Introduction Many children with Crohn's disease have poor nutritional status. Inflammation is thought to place a metabolic burden on the body which can be detected by raised resting energy expenditure (REE). As a result, increased REE unmatched by dietary intake is frequently implicated as a cause of weight loss, poor nutritional status and growth failure. In two separate cross-sectional studies we failed to demonstrate a relationship between REE and disease activity in children with Crohn's disease. We have performed an initial analysis of longitudinal data to assess changes in REE with disease activity in children with Crohn's disease.

Methods Children with Crohn's disease recruited from the regional paediatric gastroenterology unit were studied on two occasions at least 6 months apart. REE was measured by indirect calorimetry, fat free mass (FFM) was derived from weight measurement and estimates of fat mass from skinfold thicknesses. Disease activity was measured using the Paediatric Crohn's Disease Activity Index (PCDAI) and serum CRP.
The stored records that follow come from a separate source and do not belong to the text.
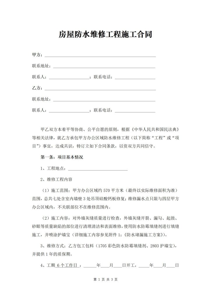 本合同模板为《房屋防水维修工程施工合同》,适用于甲乙双方本着平等协商、公平自愿的原则,根据《中华人民共和国民法典》等相关法律,就乙方承包甲方办公区域防水维修工程(以下简称“工程”或“项目”)事宜,达成共识,特订立如下合同条款,以资双方共同信守。
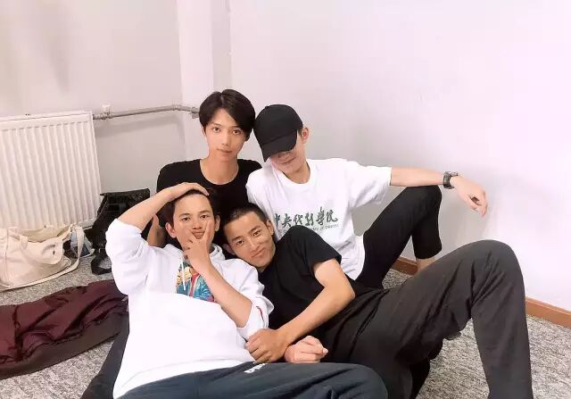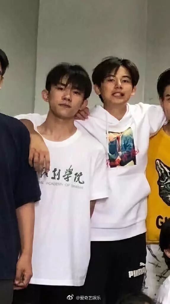 他们穿着印有“中央戏剧学院”的校园文化衫,同宿舍的易烊千玺和胡先煦紧挨在一起,小胡一会儿揽着千玺的肩;
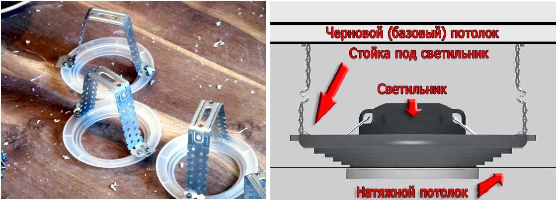 Такая конструкция на натяжных потолках неприемлема — у пленки или ткани явно не хватит несущей способности. Потому для натяжных потолков выпускают модели, к корпусу которых прикручен регулируемый подвес. Сам подвес крепится к основному потолку. Потом, после монтажа пленки или ткани, выставляют нужную высоту.
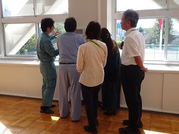 また、その後、真新しい職員室にてインターフォンの使い方について説明を受けました。その後、教職員も1日の午後にその扱い方についてミニ研修を行いました。
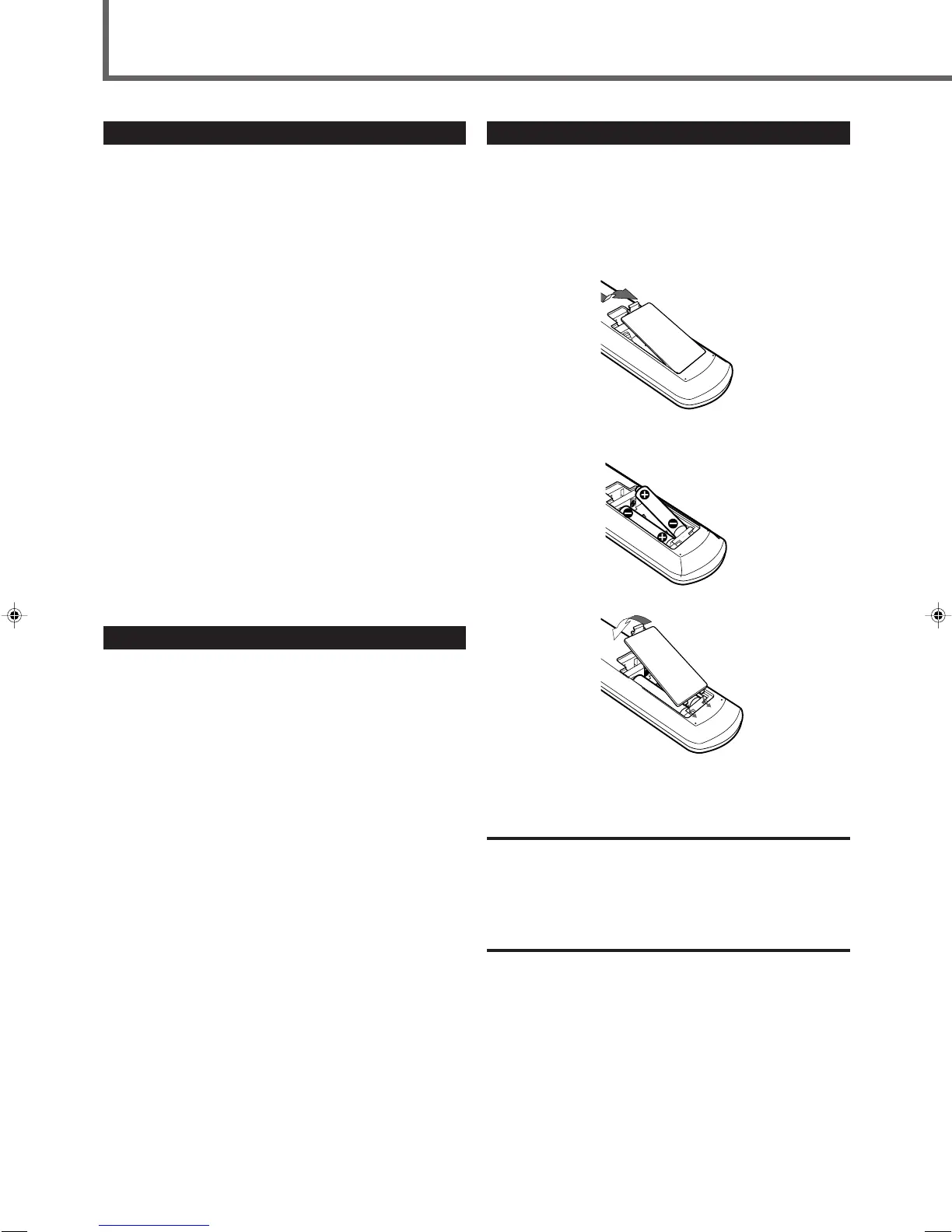 • Place batteries in the remote control so they match the polarity: (+)
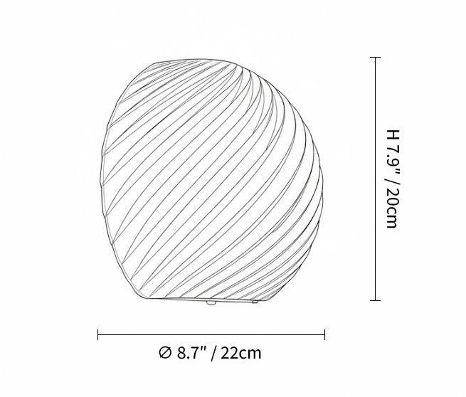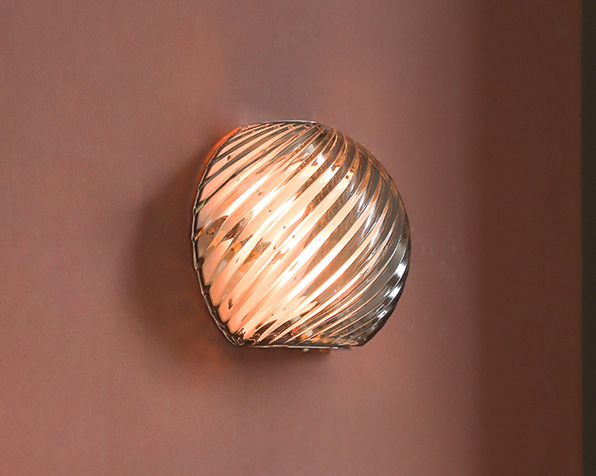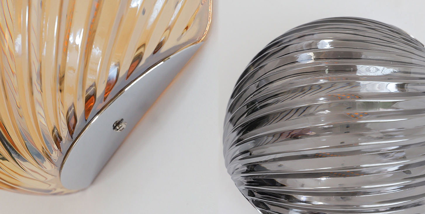 The spiraled glass surface refracts light with subtle variation, creating a quiet interplay of glow and shadow. Paired with a refined iron structure, the piece balances texture and restraint.
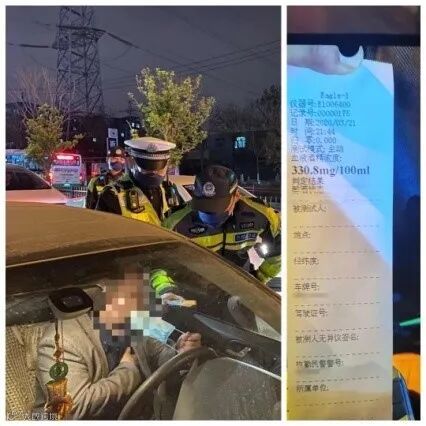 3月21日22:40分,西安交警未央大队民警发现一辆棕色轿车在辅道缓慢行驶,民警立即上前拦截,发现驾驶人涉嫌酒驾,且未携带驾驶证。
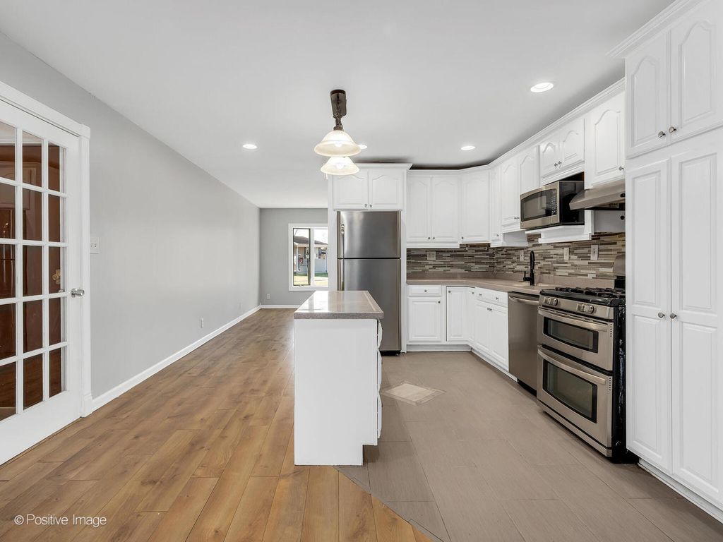 MOVE-IN READY RANCH! This gorgeous home features a bright living room highlighted by a large front bay window. Enjoy the spacious great room with vaulted ceilings, a cozy fireplace, and direct access to the patio ~ perfect for entertaining. The kitchen offers an island, all stainless-steel appliances, and a convenient laundry closet nearby. The primary bedroom includes a private ensuite bath and large walk-in closet with shelving. Two additional bedrooms, a bonus room, and another full bath complete the home. Step outside to a large, fully fenced backyard ready for outdoor fun, plus extra storage in the 14x12 shed. Ideally located within walking distance to the elementary school and several parks, and just minutes from dining, shopping, and easy access to I-90 and I-290. Several freshly painted rooms, put this on your must see list!

Results 18 children were studied with a mean of 1.6 ± 0.6 years between measurements. Children showed mean increases in height, weight and BMI standard deviation scores of 0.1, 0.5 and 0.7. PCDAI decreased by a mean of 6.5 ±16 points. CRP decreased by a mean of 7±30 mg/L. Mean fat free mass increased from 32.6kg ± 9.8 to 39.7kg ± 11.4 (p=0.048). REE increased from 1379 kcal ± 293 to 1522 kcal ± 297 (p=0.14). REE/kg FFM0.5 was unchanged, 243 ± 21 and 244 ± 28.5. There was no obvious relationship between change in REE/kg FFM0.5 and change in PCDAI r= −0.37; p 0.12 between the two time points.

Conclusion Cross-sectional studies of REE and disease activity in children with Crohn's fail to demonstrate a relationship between energy expenditure and disease activity when body size is accounted for. Using children studied twice we have failed to demonstrate any association between change in REE with change in disease activity, over time. A larger study is needed to determine this prospectively.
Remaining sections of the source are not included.